§ **YOUR OBJECTIVE**
Give back an exact repetition of the material below, from its first line through the line that contains "少女の父は、噴火湾沿いの八雲", both included, minus the pictures.

§ **EXERCISE DATA**
......

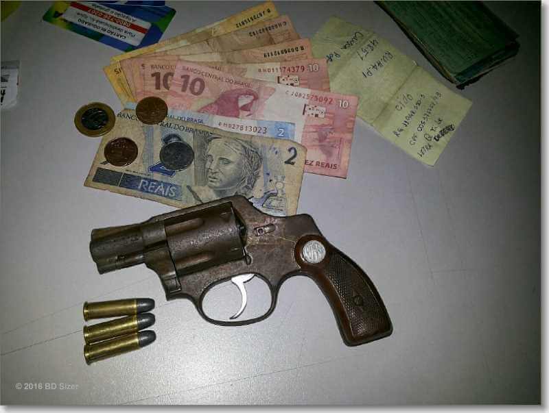 Segundo o sargento Jenuy, a arma calibre 38, cano curto e numeração raspada foi localizada em poder do menor, porém, a PM acredita que seja do maior de 48 anos. A dupla foi encaminhada à Delegacia de Investigação Gerais (DIG), o menor foi encaminhado ao NAI e o maior liberado.
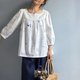 小日子/illustration系列設計師印花雙層棉紗方領七分袖上衣/純棉
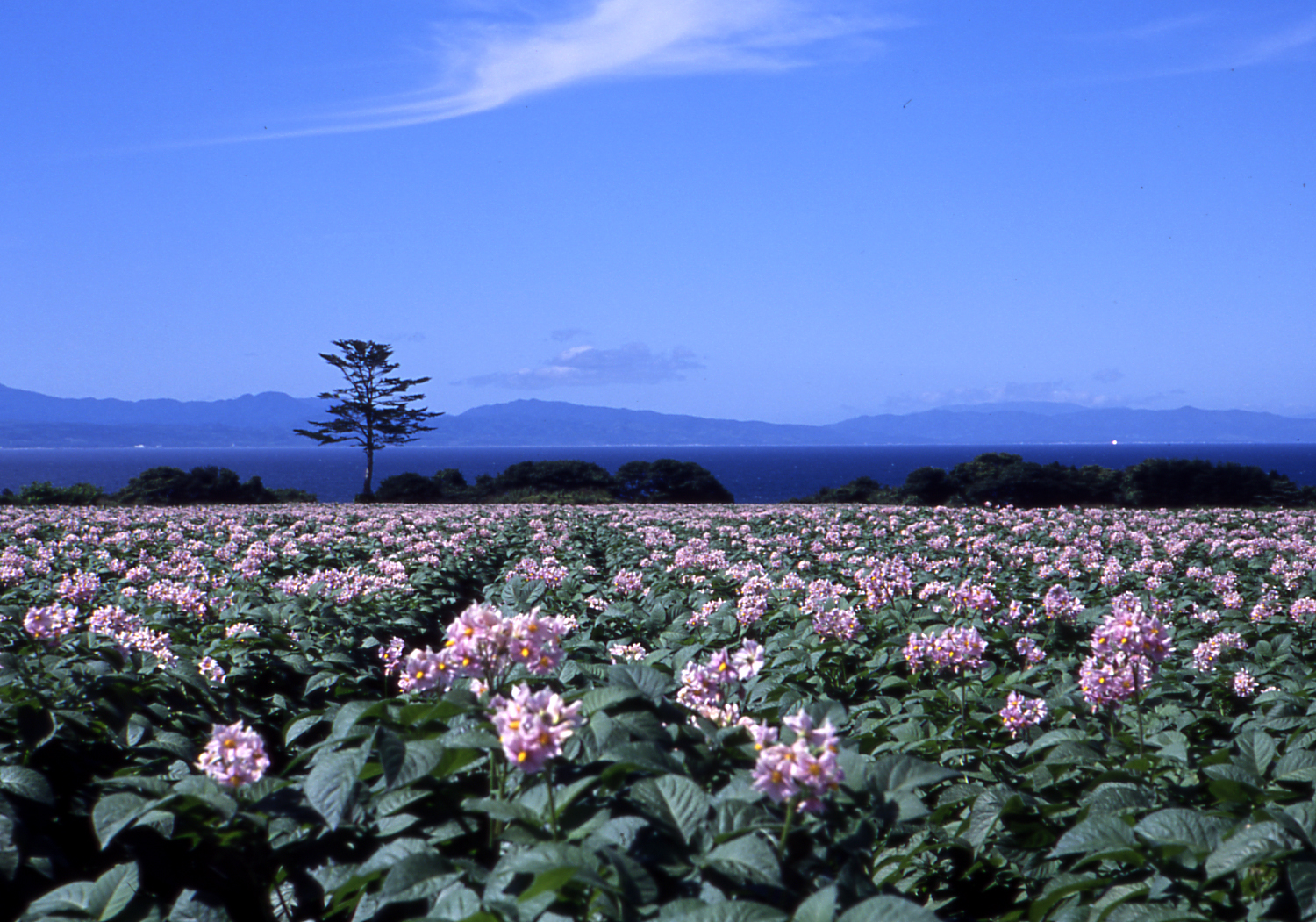 少女の父は、噴火湾沿いの八雲に広い農場を持っていた。少女は身体が弱かったので静養のために度々訪れる。6月、ガスがかかっている畑で、じゃがいもの花の美しさに驚く。薄紫のじゃがいもの花はヨーロッパでは高貴な花であったという。後年、東京で人間関係に疲れて八雲にやって来たのは、9月であった。駒ヶ岳の山並みを背景に走る列車をみつめながら、忘れがたき東京を思う日々であった。
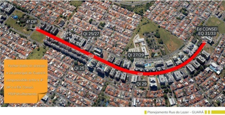 Também neste domingo, em função da Rua do Lazer do Guará, das 6h às 17h, todos os acessos à Avenida Central do Guará II, entre a 4ª Delegacia de Polícia e o Edifício Consei, na EQ 31/33, ficarão fechados. Além das interdições na via, as equipes do Detran-DF farão o controle do tráfego nas imediações do evento.
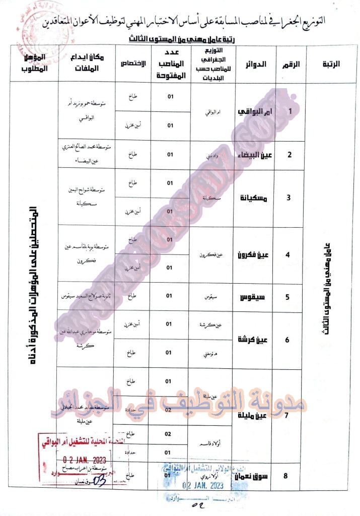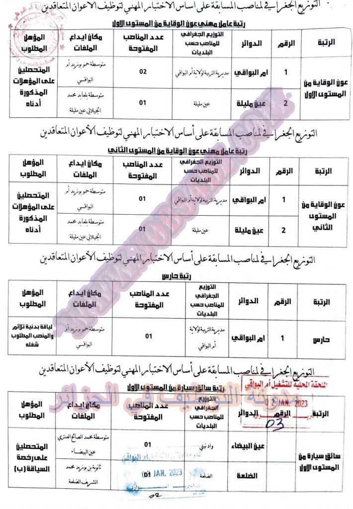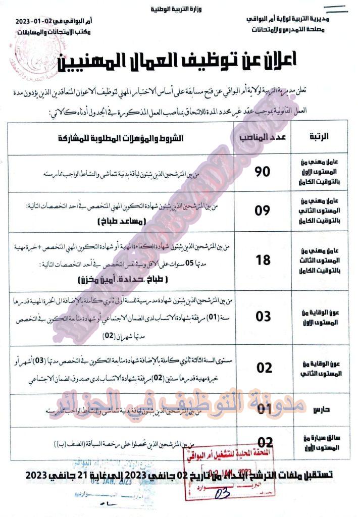 تعلن مديرية التربية لولاية ام البواقي عن فتح مسابقة توظيف على اساس الاختبار المهني في الرتب المبينة ادناه
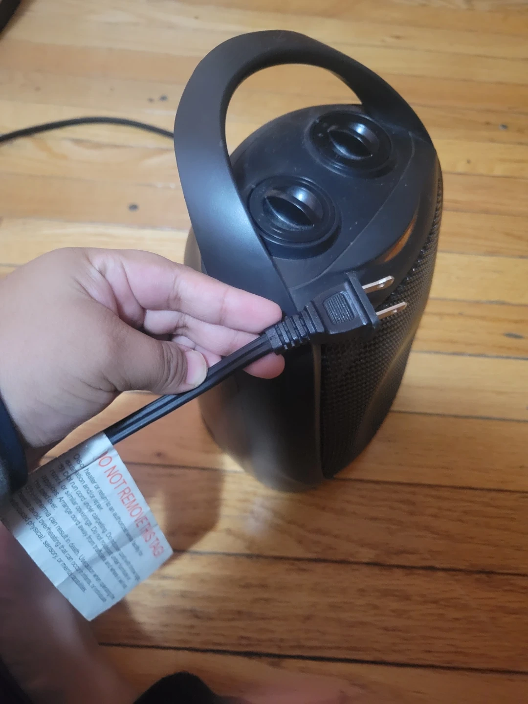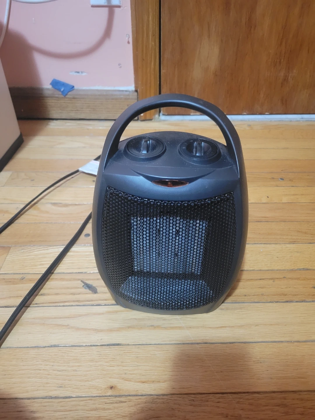 I'm selling a portable space heater in black. It features a handle for easy carrying and two dials on the top for adjusting the settings. It's perfect for keeping a small area warm and cozy! Perfect if your camping or no heater at ur apartment.
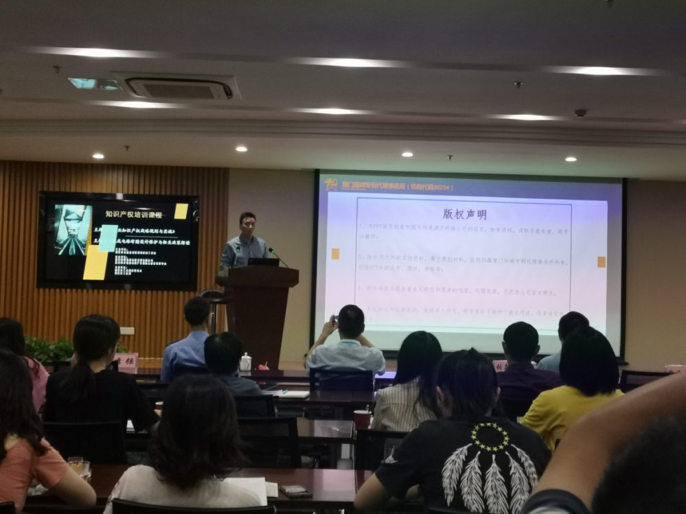 為扎實推進知識產權的建設工作,充分發(fā)揮知識產權制度對企業(yè)創(chuàng)新發(fā)展的引領作用,10月16日,由湖里區(qū)市場監(jiān)督管理局維權工作站主辦,廈門科湖集成電路發(fā)展有限公司、園區(qū)綜合服務管理中心承辦的知識產權規(guī)劃培訓會成功舉辦,湖里區(qū)市場監(jiān)督局調研員張嘉進致開幕詞。
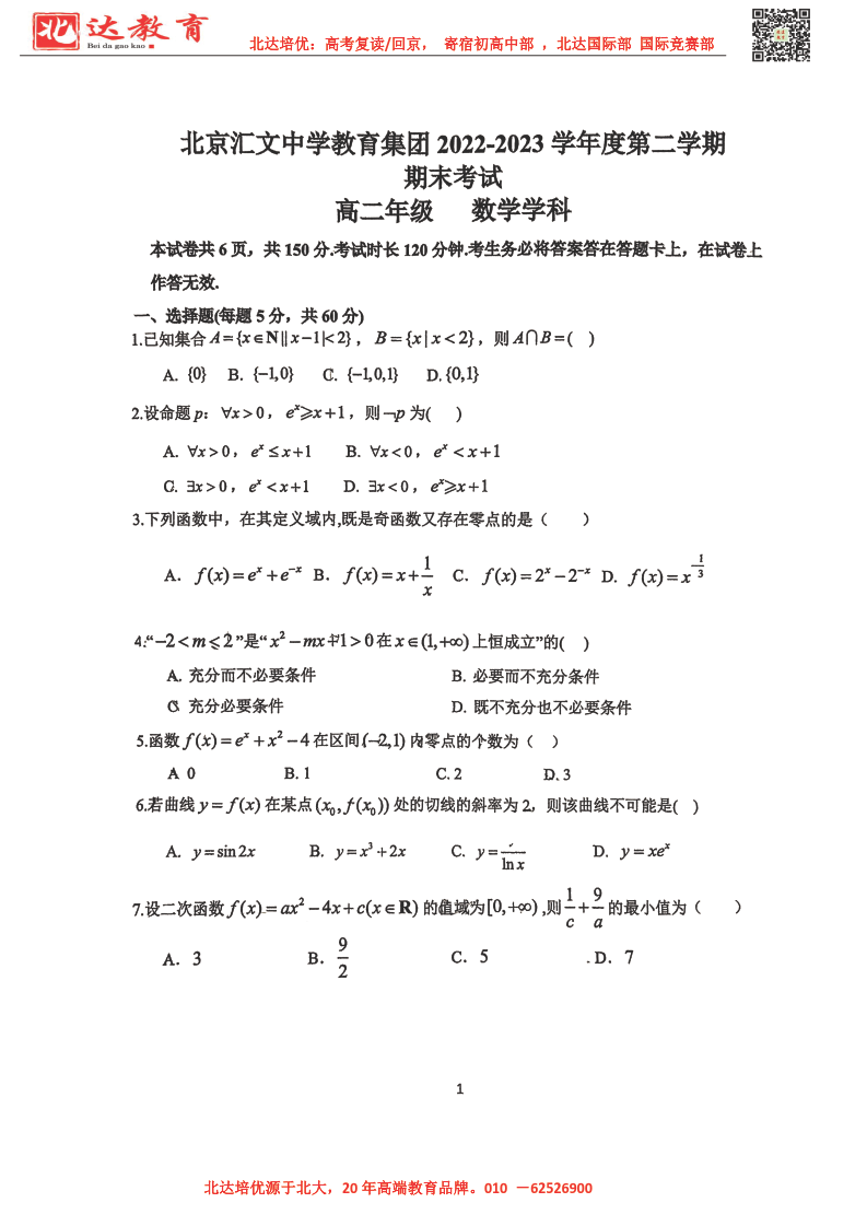 北京市2022-2023年高二下学期期末考试7月5日开考,为了帮助考生更好的核对考试答案,admw360复读学校整理了2022-2023学年北京汇文中学高二下学期期末数学试题,供考生参考。
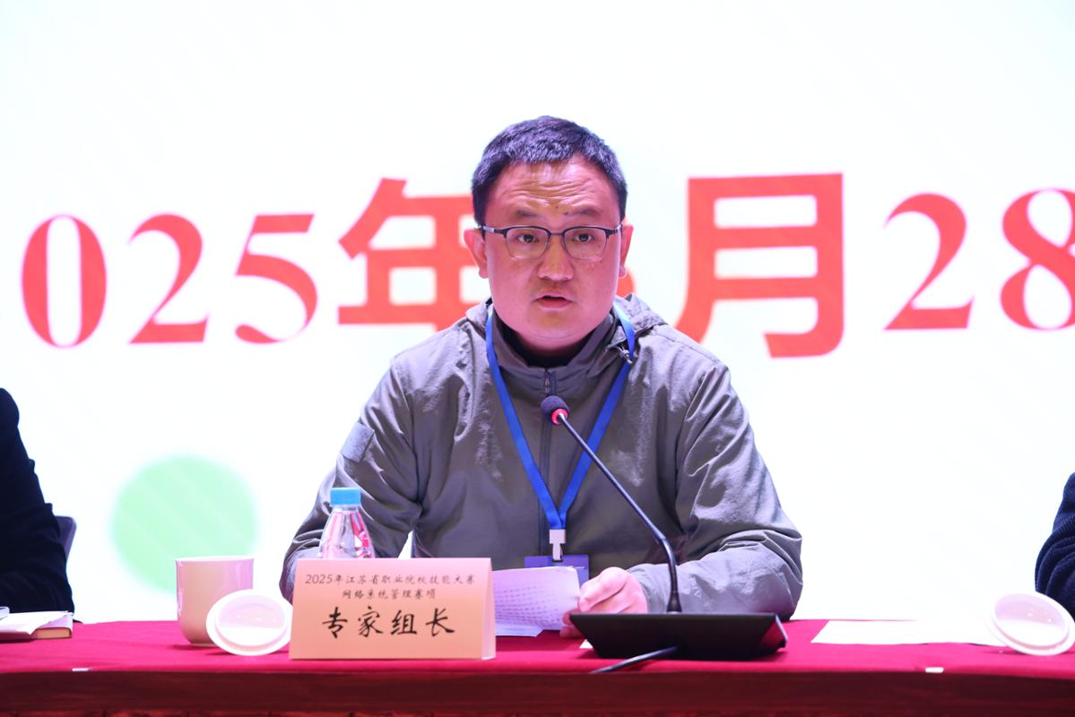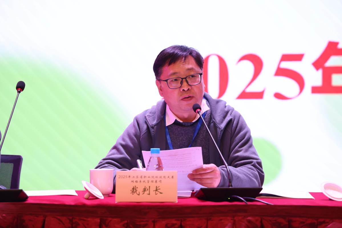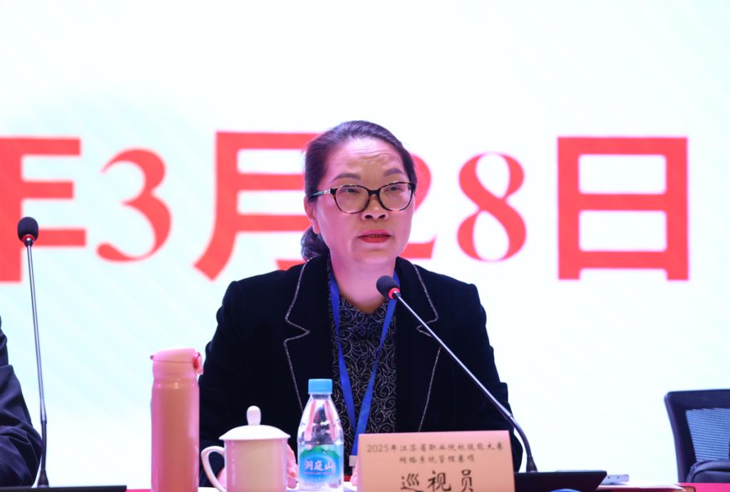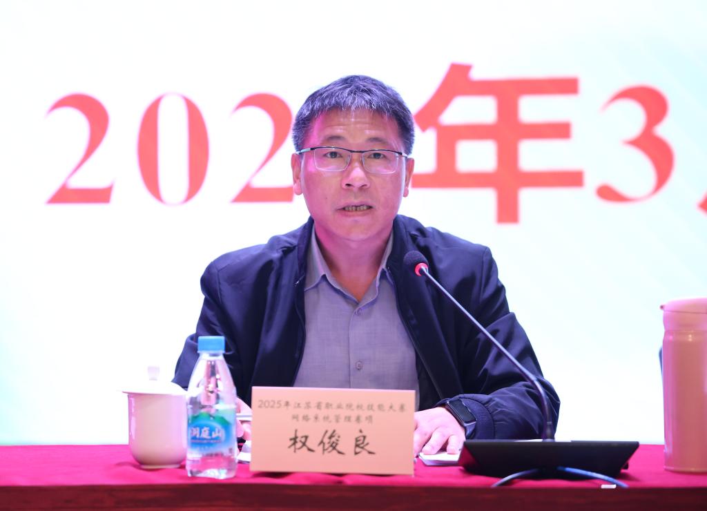 权俊良在致辞中介绍了苏州工业园区和学校发展的情况。他表示,此次大赛作为全省计算机网络专业教育领域的顶尖赛事,不仅是一次技能的大比武,一场实力的大练兵,更是职业院校推进相关专业高质量发展的重要展示平台。通过此次赛事,充分展现各院校在计算机网络专业领域的教学成果与学生的专业素养,为进一步深化职业教育改革、推进计算机网络专业内涵建设提供强大助力。他希望选手们在赛场上奋勇拼搏、全力以赴,展示良好形象,发挥最佳水平,争取优异成绩。

......

§ **TASK ANSWER**
 Segundo o sargento Jenuy, a arma calibre 38, cano curto e numeração raspada foi localizada em poder do menor, porém, a PM acredita que seja do maior de 48 anos. A dupla foi encaminhada à Delegacia de Investigação Gerais (DIG), o menor foi encaminhado ao NAI e o maior liberado.
 小日子/illustration系列設計師印花雙層棉紗方領七分袖上衣/純棉
 少女の父は、噴火湾沿いの八雲に広い農場を持っていた。少女は身体が弱かったので静養のために度々訪れる。6月、ガスがかかっている畑で、じゃがいもの花の美しさに驚く。薄紫のじゃがいもの花はヨーロッパでは高貴な花であったという。後年、東京で人間関係に疲れて八雲にやって来たのは、9月であった。駒ヶ岳の山並みを背景に走る列車をみつめながら、忘れがたき東京を思う日々であった。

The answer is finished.